Electronic Communication

Page-37 may communicate with the client by electronic mail or otherwise transmit documents in electronic form during this engagement. The client accepts the inherent risks of these forms of communication (including the security risks of interception of or unauthorized access to such communications, the risks of corruption of such communications and the risks of viruses or other harmful devices).

Sharing of Information

For purpose of marketing, publicizing, or selling, Page-37 reserves the right to disclose the fact that it has performed services for the client, and in so doing identify the client by name and indicate the general nature or category of the services that Page-37 has performed.

Confidentiality

The parties have entered or will enter into a separate Non-Disclosure and Confidentiality Agreement

Limitation on Actions

No action or claim, regardless of form, arising out of or relating to this engagement, may be brought by either party more than three years of the date on which the Proposal has been executed.

Independent Contractor

It is understood and agreed that each of the parties hereto is an independent contractor and that neither party is or shall be considered an agent, distributor, or representative of the other. Neither party shall act or represent itself, directly or by implication, as an agent of the other or in any manner assume or create any obligation on behalf of, or in the name of the other.

Force Majeure Neither the client nor Page-37 shall be liable for any delays resulting from circumstances or causes beyond its reasonable control, including, without limitation, fire or other casualty, strike or labour dispute, war or other violence, or any law, order or requirement of any governmental agency or authority.

Severability

If any term or provision of the proposal along with its appendices shall be held to be invalid, void or unenforceable, then the remainder of the proposal along with its appendices shall not be affected, and each such term and provision of the Proposal along with its appendices shall be valid and enforceable to the fullest extent permitted by law.

Governing Law and Jurisdiction

  • The Proposal and this Standard Terms and Conditions shall be governed by and construed in accordance with the laws of Belgium, without regard to the conflict of laws provisions thereof. Every dispute relating to this agreement shall be subject to the exclusive jurisdiction of the Belgian courts.
  • In the event of a controversy or claim arising out of or relating to this agreement, or the breach of the same, the parties shall use their best efforts to mediate and settle the same through consultation and negotiation in good faith and a spirit of mutual cooperation.
  • Failure by any one of us to exercise or enforce any rights available to us shall not amount to a waiver of any rights available to either of us.

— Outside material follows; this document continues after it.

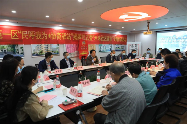 揭牌活动现场,区政协委员与居民代表在“民呼我为•协商驿站”里开展了以“未来社区建设,我们准备好了吗?”为主题的首场协商活动,围绕传承红色根脉、践行民呼我为理念、注重数字赋能等内容开展协商。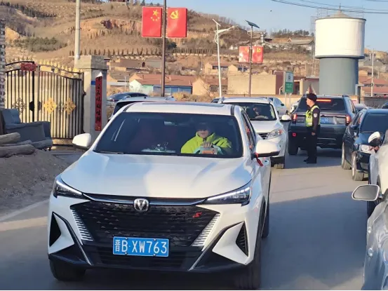 正月初三,各景点旅游流量持续升温,浑源交警坚守路面保畅通

Completion of the Contract

  • The proposal and the appendices attached hereto (including these Standard Terms and Conditions) are the exclusive understanding between Page-37 and the client in connection with the services, and they replace any previous oral or written representations and/or understandings in connection with the engagement between the client and Page-37.
  • In case of a conflict or inconsistency between these terms and conditions and the provisions included in the proposal signed by the parties, unless otherwise stated, the provisions of the Proposal shall govern and prevail.
  • Changes to the proposal or to these Standard Terms and Conditions will be agreed by the parties in writing and signed` by the parties’ authorized representatives.